In order to insert a fragment in another file, add a line containing the symbol `@@` followed by the
ID of the annotation (e.g. `@@12345`). When the file is woven using the `recto` command (see the
next section), the line will be replaced with the contents of th fragment. You can add any markup
you like around the line to provide formatting.

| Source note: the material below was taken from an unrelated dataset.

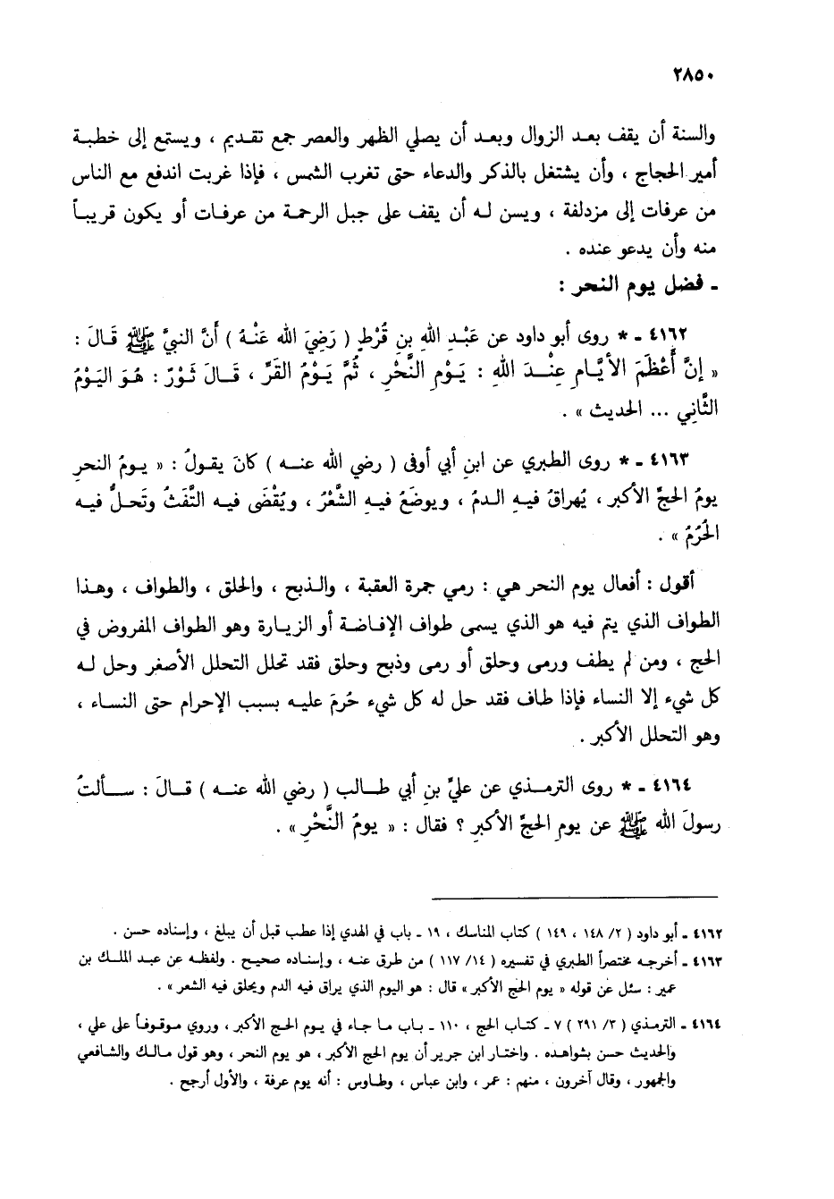 4163 - * روى الطبراني عن ابن أبي أوفى (رضي الله عنه) كان يقول: "يوم النحر يوم الحج الأكبر، يهراق فيه الدم، ويوضع فيه الشعر، ويقضى فيه التفث وتحل فيه الحرم".

To insert a group of fragments, a regular expression can be used after the `@*` symbol. All of the
fragments whose ID matches the expression will be inserted in place of the symbol, in lexicographic
order by their IDs.

Sometimes it is also desirable to refer to metadata about a fragment. Currently, `verso|recto`
supports the following metadata insertion operators:

1. _Filename._ `@?id.file` inserts the name of the file the fragment was drawn from.
2. _Line number._ `@?id.line` inserts the line number on which the fragment began.
3. _Column number._ `@?id.col` inserts the column number at which the fragment began. (Currently
this value is always 0, as fragments always begin at the start of a line.)
4. _Quick location._ `@?id.loc` inserts the file name, starting line number, and column number for
the fragment in the format `file (line:col)`. This is useful if you just want to quickly refer to
the metadata without futzing with the formatting.

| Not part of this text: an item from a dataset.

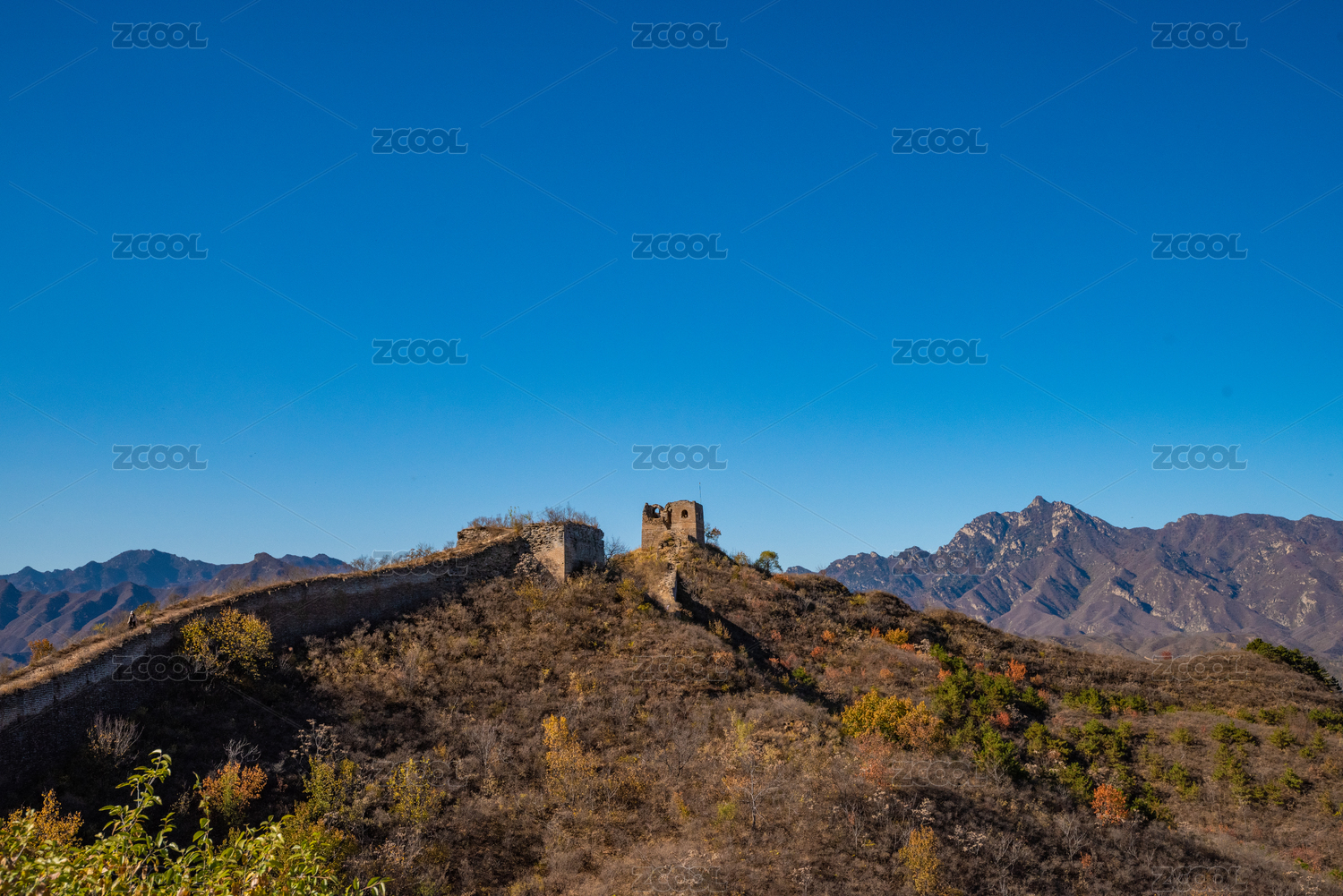 蓝天白云下的中国长城蜿蜒盘旋丛山峻岭

### Weaving a document for human consumption

The `verso` command will read all of the files specified on the command line, extract their
fragments, and output the result to stdout. In turn the `recto` command will read fragments from
stdin. This makes the two programs easy to use together via pipes:

```
verso main.rs lib.rs | recto build chap1.tex chap2.tex blog/home.md
^ ^ ^ ^ ^ ^
+-------+ | +---------+---------+
| | |
| | |
+--- Source files +--- Output directory +--- Prose files
```

Each of the woven files is written to the output directory, provided as the first argument, in the
same relative location as given on the command line. So, for example, the file `blog/home.md` above
will be written to `build/blog/home.md` when it is woven.

Note that, although the two programs appear to run in parallel, `verso` won't send input to `recto`
until it has successfully extracted fragments from all of the source files it was given and that
`recto` will not start weaving files together until it receives those fragments. Because of this if
`verso` fails, `recto` will also fail.

### Full symbology

For reference, here is a table with the full symbology. Note that in the (hopefully rare) case that
your language has symbols which collide with the defaults used by `verso|recto`, you can override
them by using the listed environment variables.

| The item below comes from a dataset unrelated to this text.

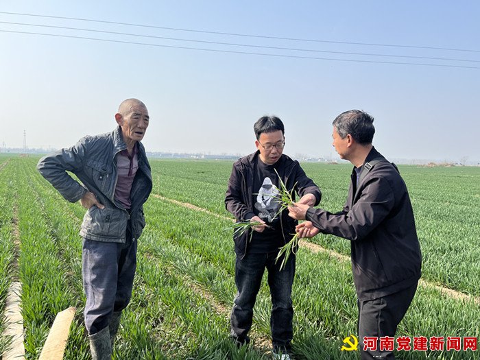 河南党建网讯(李万全通讯员柳真真王旭歌)农谚称:“到了惊蛰节,锄头不停歇。”对于河南省宝丰县农业农村局的农技人员们来说,农技指导是一刻也不能歇。3月7日,笔者在河南省宝丰县前营镇大连庄村的麦田看到,农技人员正认真查看小麦长势,向种植户询问小麦春季管理情况,帮助指导种植户因地、因苗、因时科学做好农作物春季田间管理。
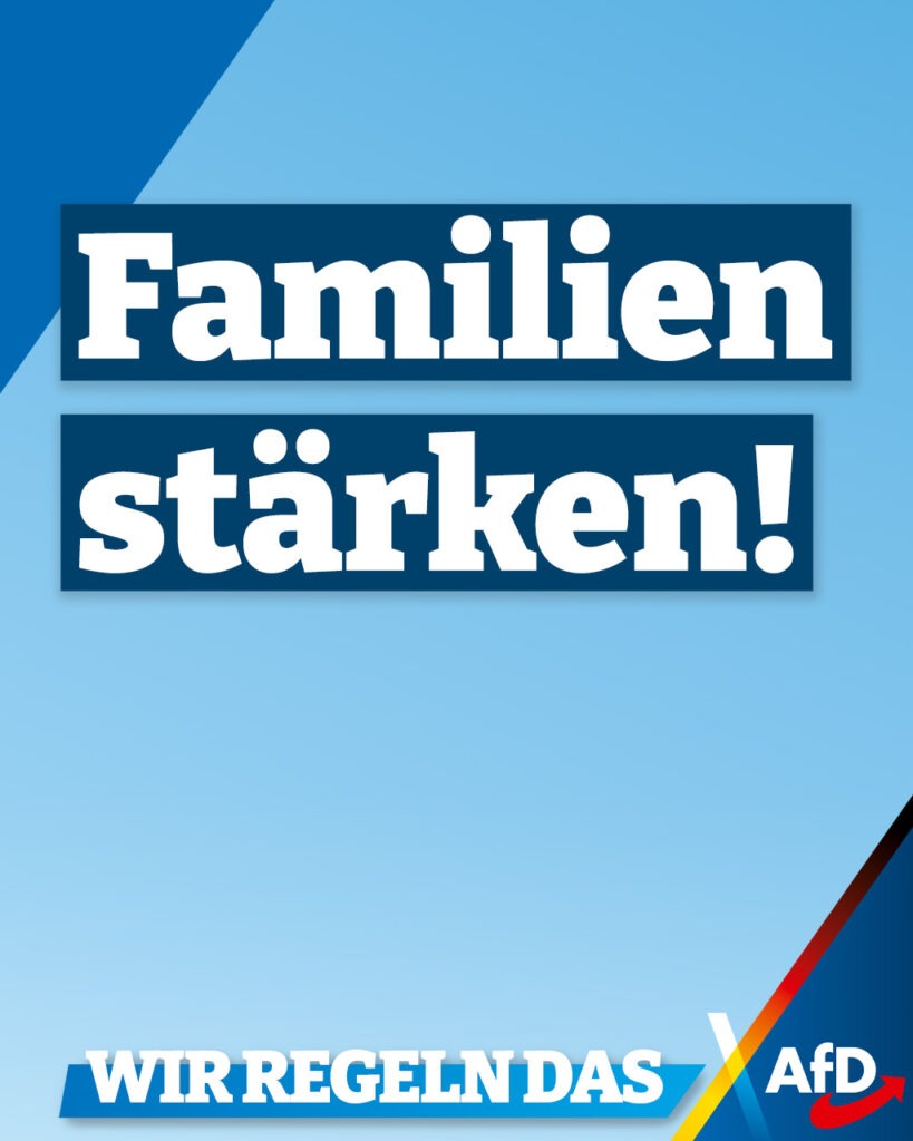 Für die AfD ist die Familie die Keimzelle der Gesellschaft. Familie ist eine Gemeinschaft aus Fürsorge, Liebe und Solidarität. In ihr werden Werte und Kultur weitergegeben, sie verbindet die Vergangenheit mit der Gegenwart und Zukunft. #WirRegelnDas

| Name | Symbol | Description | Override Variable |
| --------------- | -------- | --------------------------------- | ----------------------------- |
| Fragment Open | `@<` | Starts a named fragment. | `VERSO_FRAGMENT_OPEN_SYMBOL` |
| Fragment Close | `>@` | Ends a named fragment. | `VERSO_FRAGMENT_CLOSE_SYMBOL` |
| Halt | `@!halt` | Halts fragment extraction. | `VERSO_HALT_SYMBOL` |
| Insert Fragment | `@@` | Insert a fragment by ID. | `RECTO_INSERTION_SYMBOL` |
| Insert Pattern | `@*` | Insert a fragment by ID pattern. | `RECTO_PATTERN_SYMBOL` |
| Insert Metadata | `@?` | Insert metadata about a fragment. | `RECTO_METADATA_SYMBOL` |

## The Name

> Recto and verso are respectively, the text written or printed on the "right" or "front" side and
> on the "back" side of a leaf of paper in a bound item such as a codex, book, broadsheet, or
> pamphlet.

_[Wikipedia - Recto and Verso](https://en.wikipedia.org/wiki/Recto_and_verso)_

_(Note that, conveniently, the `verso` program goes on the left of the pipe while `recto` goes on
the right.)_

## Contributors

- [@nickpascucci](https://github.com/nickpascucci/)
- [@karlicoss](https://github.com/karlicoss/)
- [@elidhu](https://github.com/elidhu/)

## Future Work

- Add support for custom formatting of annotation properties within the woven output.
- Paralellize file processing in Verso, and both reading from `stdin` and file reading in Recto.
- Add `--fragments-from` option to specify a source other than stdin for fragments.